(Stored data entries)
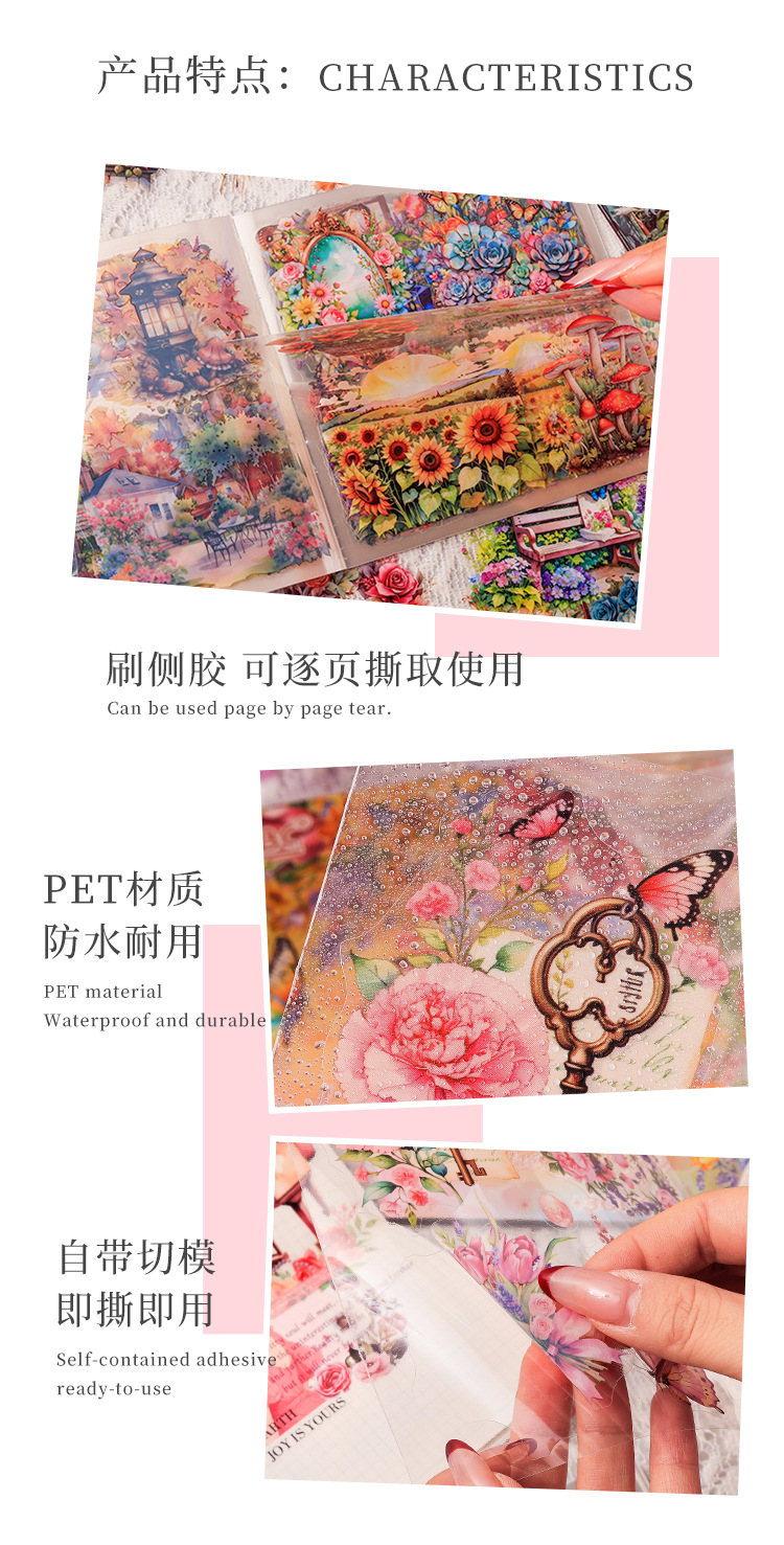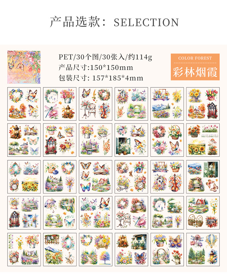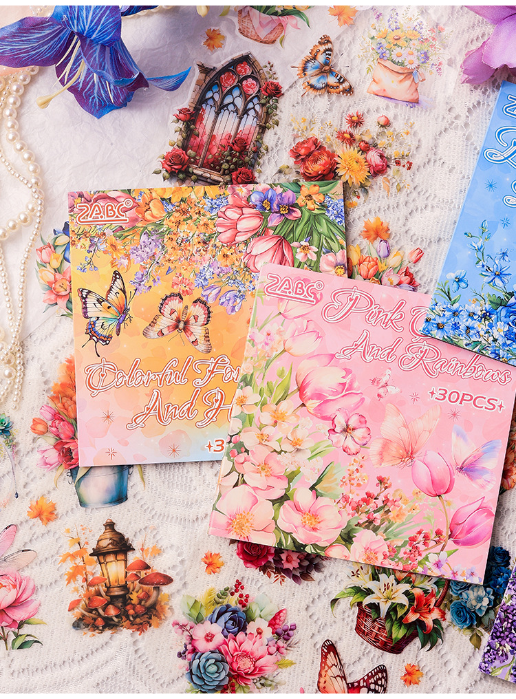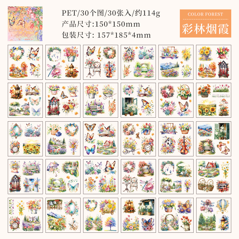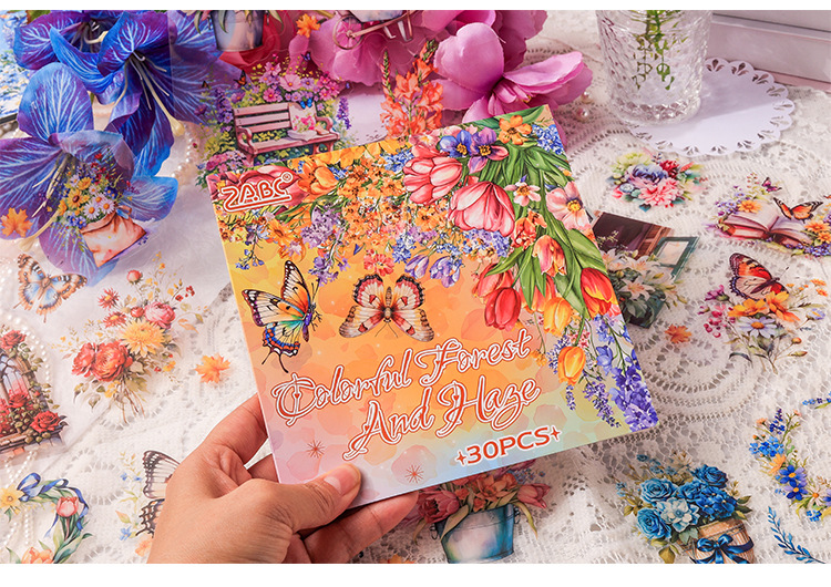 안개락 산 꽃 창조적 인 스티커 스티커 책 나비 손 계정 소재 DIY 스티커 도매 국경 특별스토어 가기
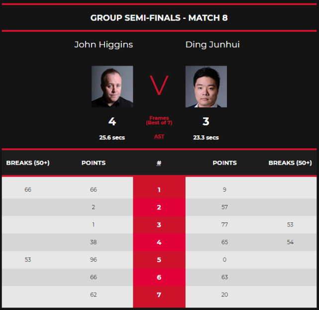 第一局丁俊晖仅得9分就中断进攻,希金斯打出单杆66分先拔头筹,第二局希金斯两次打进红球都没能继续连接,丁俊晖多次上手57-2扳平比分,两人都没有手感,出现简单失误,第三局丁俊晖打出单杆53分77-1再赢一局,第四局丁俊晖打出单杆54分65-38胜出,3-1赛点。
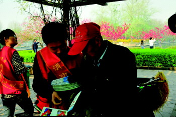 消防志愿者在市人民公园宣传消防知识。(资料片)
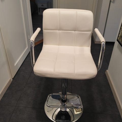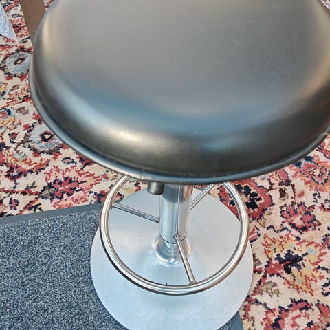 Baarijakkara, jossa musta pehmustettu istuin ja musta metallirunko. Jakkarassa on jalan tuki ja se on suunniteltu baarikäyttöön tai korkealle pöydälle. Istuinkorkeus 70 cm istuimen takakaari 78 cm
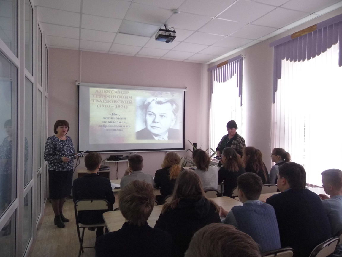 16 апреля в Краснинской центральной районной библиотеке для учащихся 7-го класса Краснинской СОШ прошёл литературный урок «Нет, жизнь меня не обделила», посвящённый жизни и творчеству Александра Трифоновича Твардовского.
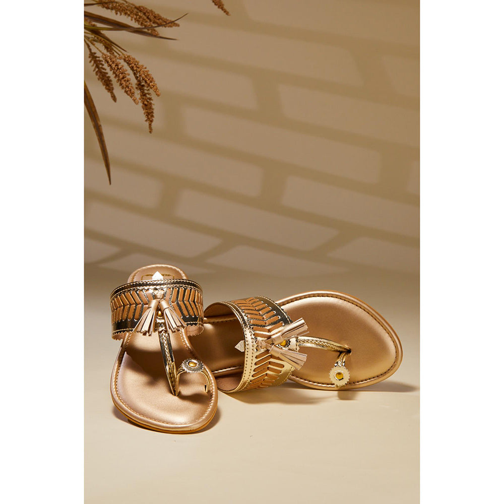 Description : Say hello to your new summer BFFs - Kolhita Kolhapuris! With that classic Kolhapuri charm and a fresh twist of weave detailing, these beauties are here to bring the sass, the style, and all the comfort your feet deserve. Whether you're twirling in a flowy kurta, vibing in an Indo-Western co-ord, or just out chasing sunsets, these Kolhapuris get the assignment. They're comfy enough for all-day strolls and stylish enough to slay every #DesiGirl look.
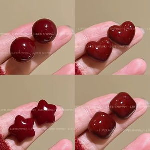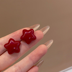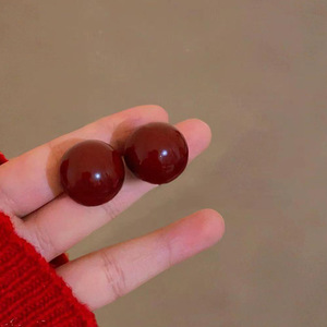 复古港风酒红色画油耳钉气质甜美高级感耳环简约时尚轻奢百搭耳饰

Activity —
Print all of the entries word for word. Omit the pictures they contain.

Task output —
 안개락 산 꽃 창조적 인 스티커 스티커 책 나비 손 계정 소재 DIY 스티커 도매 국경 특별스토어 가기
 第一局丁俊晖仅得9分就中断进攻,希金斯打出单杆66分先拔头筹,第二局希金斯两次打进红球都没能继续连接,丁俊晖多次上手57-2扳平比分,两人都没有手感,出现简单失误,第三局丁俊晖打出单杆53分77-1再赢一局,第四局丁俊晖打出单杆54分65-38胜出,3-1赛点。
 消防志愿者在市人民公园宣传消防知识。(资料片)
 Baarijakkara, jossa musta pehmustettu istuin ja musta metallirunko. Jakkarassa on jalan tuki ja se on suunniteltu baarikäyttöön tai korkealle pöydälle. Istuinkorkeus 70 cm istuimen takakaari 78 cm
 16 апреля в Краснинской центральной районной библиотеке для учащихся 7-го класса Краснинской СОШ прошёл литературный урок «Нет, жизнь меня не обделила», посвящённый жизни и творчеству Александра Трифоновича Твардовского.
 Description : Say hello to your new summer BFFs - Kolhita Kolhapuris! With that classic Kolhapuri charm and a fresh twist of weave detailing, these beauties are here to bring the sass, the style, and all the comfort your feet deserve. Whether you're twirling in a flowy kurta, vibing in an Indo-Western co-ord, or just out chasing sunsets, these Kolhapuris get the assignment. They're comfy enough for all-day strolls and stylish enough to slay every #DesiGirl look.
 复古港风酒红色画油耳钉气质甜美高级感耳环简约时尚轻奢百搭耳饰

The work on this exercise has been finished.